Extracted records
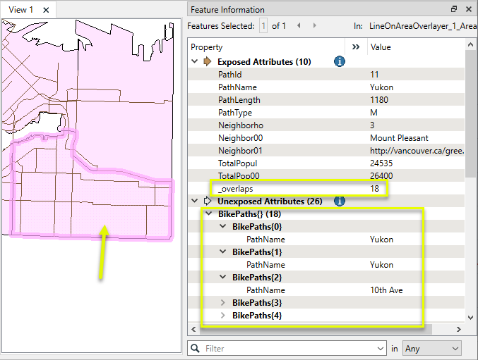 The containing neighborhood encountered 18 overlaps, and now has a list attribute containing the bike path names.
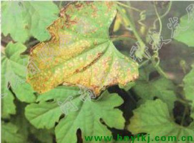 主要危害叶片、茎蔓和果实。发病叶片初呈黄褐色水浸状小病斑,多角形,中央黄白色至灰白色,易穿孔或破裂。茎病部呈水浸状浅黄褐色条斑,后期易纵裂,清晨或湿度大时分泌出白色至乳白色菌液。
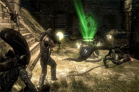 这是一款画面有点恐怖的射击类策略游戏,异形入侵地球,作为铁血战士的你踏上了保卫地球的道路,你的任务就是消灭异形,控制皇后,将人类从异形的控制下解救出来,成为最强大的救世主,而且在游戏中玩家将扮演化身长相可怖的异形兽,亦或是身材矮壮的铁血战士,在昏暗的走廊中搜寻猎物,为自己的种族拼上性命与对方决战。
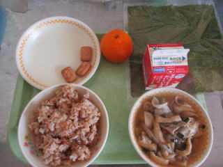 | 梅かつおごはん、豚汁(震災の炊き出しメニューの一つ)、カンパン(備蓄品)、焼きのり、牛乳、ぽんかん | ![]() |
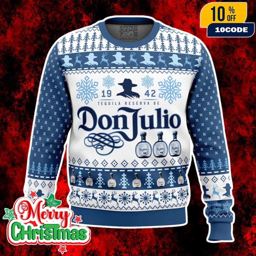 Don Julio Tequila Ugly Christmas Sweater Blue Snowflake Funny Holiday Drinking Knit Pullover Unisex Jumper
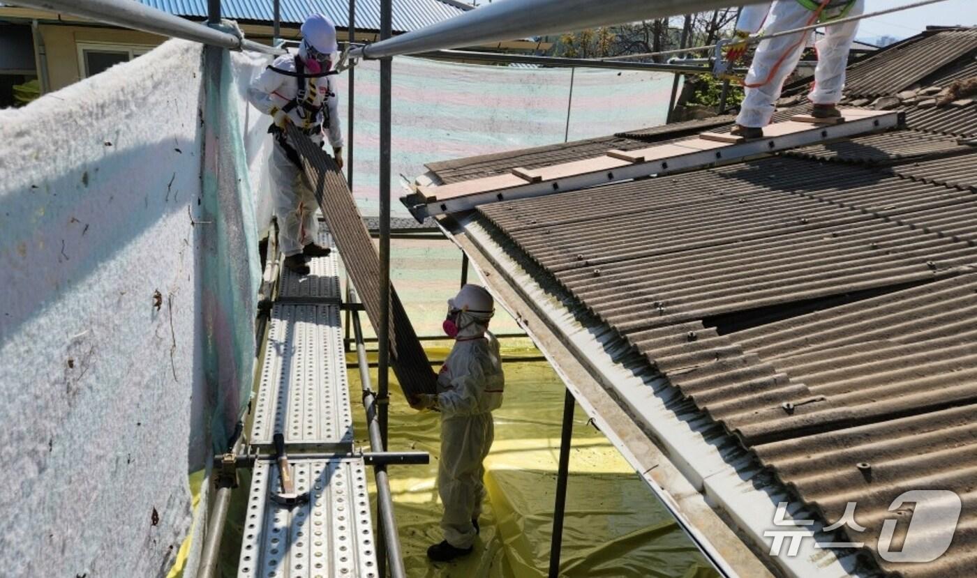 충북 증평군은 슬레이트 철거 및 지붕개량 지원 사업을 한다. 사진은 슬레이트 철거 작업 모습.(증평군 제공)/뉴스1

Activity:
The last line of the entries marks the end, and the line with "Don Julio Tequila" marks the start. Output exactly those two lines and every line between them, nothing else, with the pictures left out.

Answer for the task:
 Don Julio Tequila Ugly Christmas Sweater Blue Snowflake Funny Holiday Drinking Knit Pullover Unisex Jumper
 충북 증평군은 슬레이트 철거 및 지붕개량 지원 사업을 한다. 사진은 슬레이트 철거 작업 모습.(증평군 제공)/뉴스1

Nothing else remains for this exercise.